• Stored data:
=-=-=
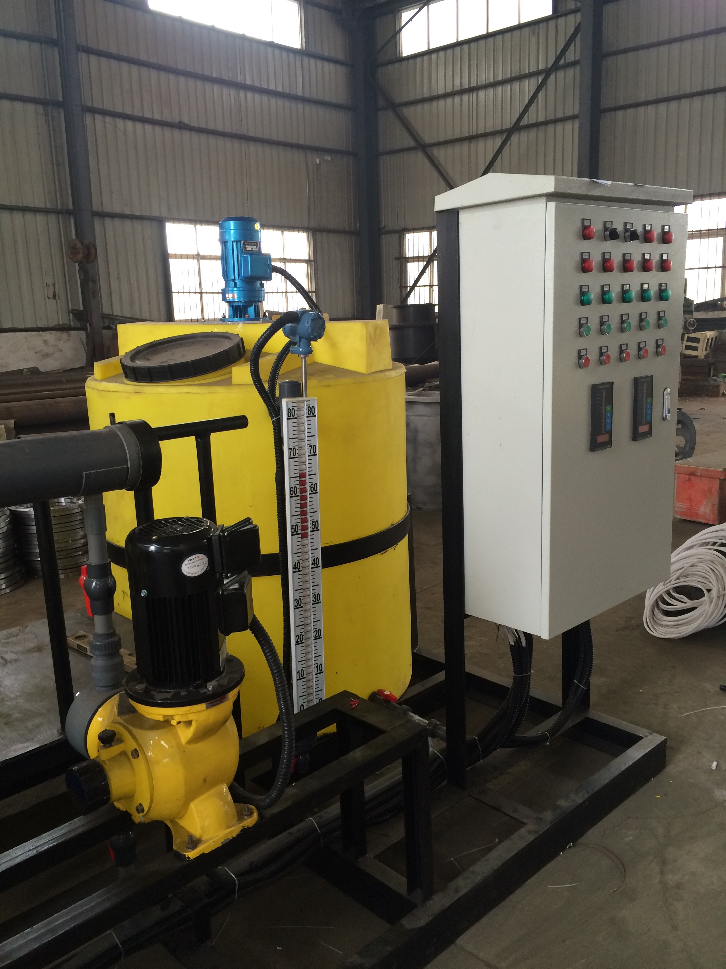 全自動(dòng)一體化加藥裝置以計(jì)量泵為主要投加設(shè)備、將溶藥箱、攪拌器、液位計(jì)、安全閥、止回閥、壓力表、過濾器、緩沖器、管路、閥門、底座、扶梯、自動(dòng)監(jiān)視系統(tǒng)、電力控制系統(tǒng)等按工藝流程需要組裝在一個(gè)公共平臺(tái)上,形成一個(gè)組合式單元。配有攪拌系統(tǒng)、加藥系統(tǒng)和自動(dòng)控制系統(tǒng),幾個(gè)固定式可組合成一個(gè)整體。
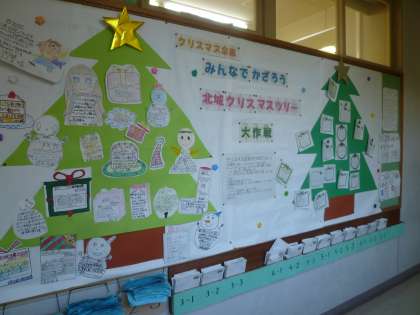 図書室前の掲示板には、図書委員や図書室の本を読んだ子どもたちが、他の人に薦めたい本の紹介カードを、図書委員が作ってくれたクリスマスツリーの壁紙に貼っています。
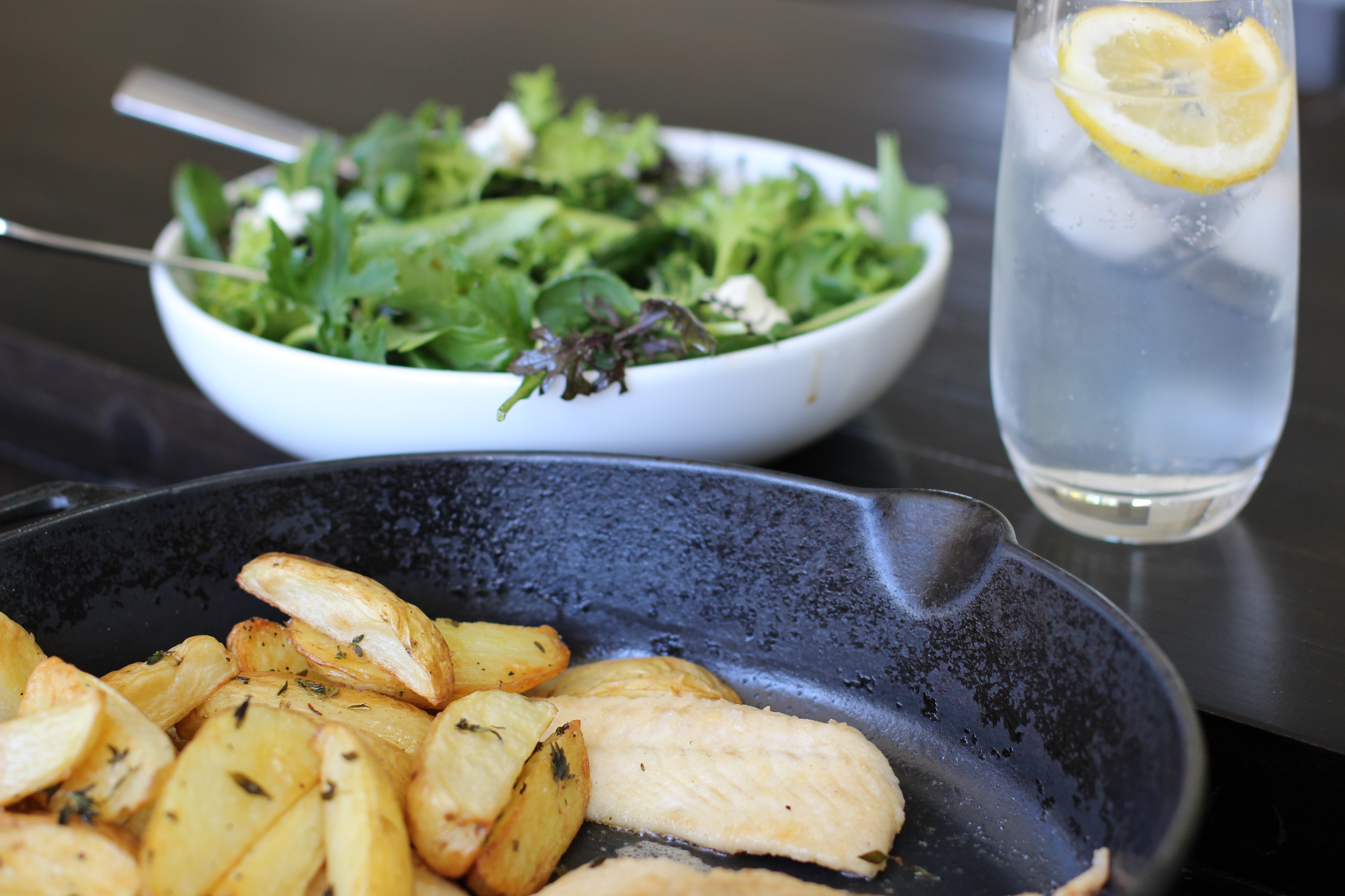 I serve this with my basic mesclun salad and my two ingredient dressing
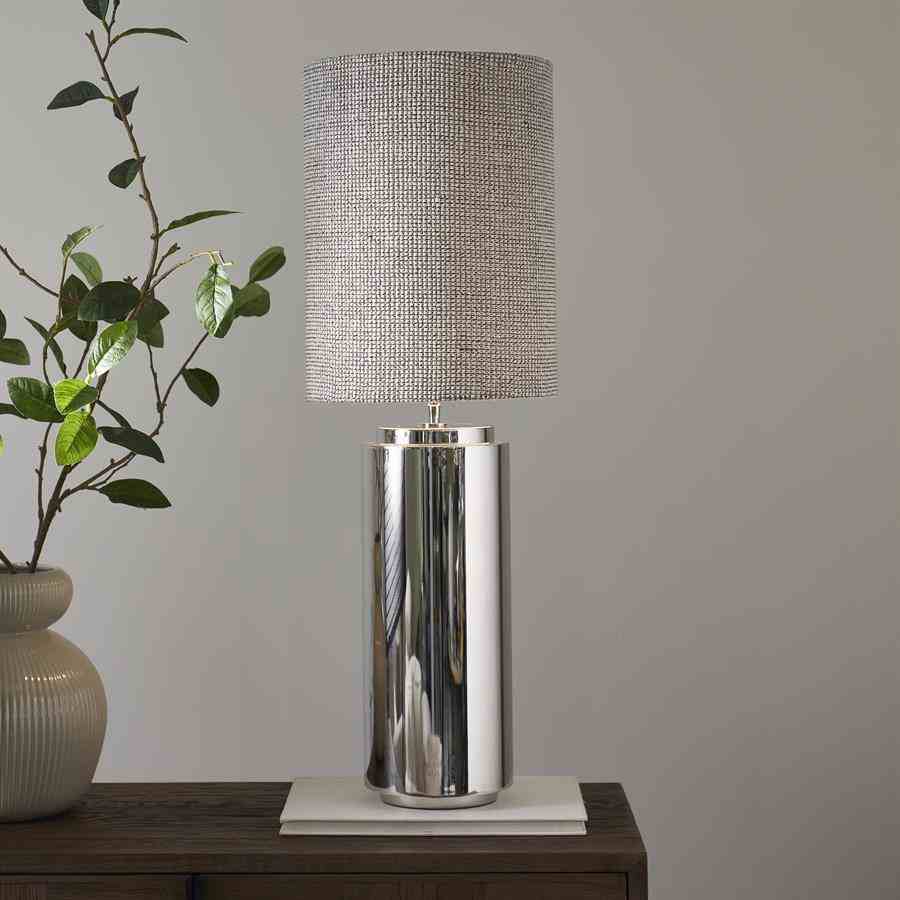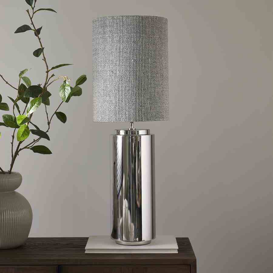 Denne sylindriske lampeskjermen er finvevd av silke i svart og hvit blanding, og tilbyr et elegant og moderne utseende. Den sofistikerte teksturen og det moderne fargevalget gir et elegant preg til interiøret ditt, og gir ethvert rom en stilig oppgradering.
=-=-=
• Problem to work on: Lines from the one holding "I serve this" to the end of the data, both ends included, are to be given again exactly; no pictures belong in the copy.

• Answer area:
 I serve this with my basic mesclun salad and my two ingredient dressing
 Denne sylindriske lampeskjermen er finvevd av silke i svart og hvit blanding, og tilbyr et elegant og moderne utseende. Den sofistikerte teksturen og det moderne fargevalget gir et elegant preg til interiøret ditt, og gir ethvert rom en stilig oppgradering.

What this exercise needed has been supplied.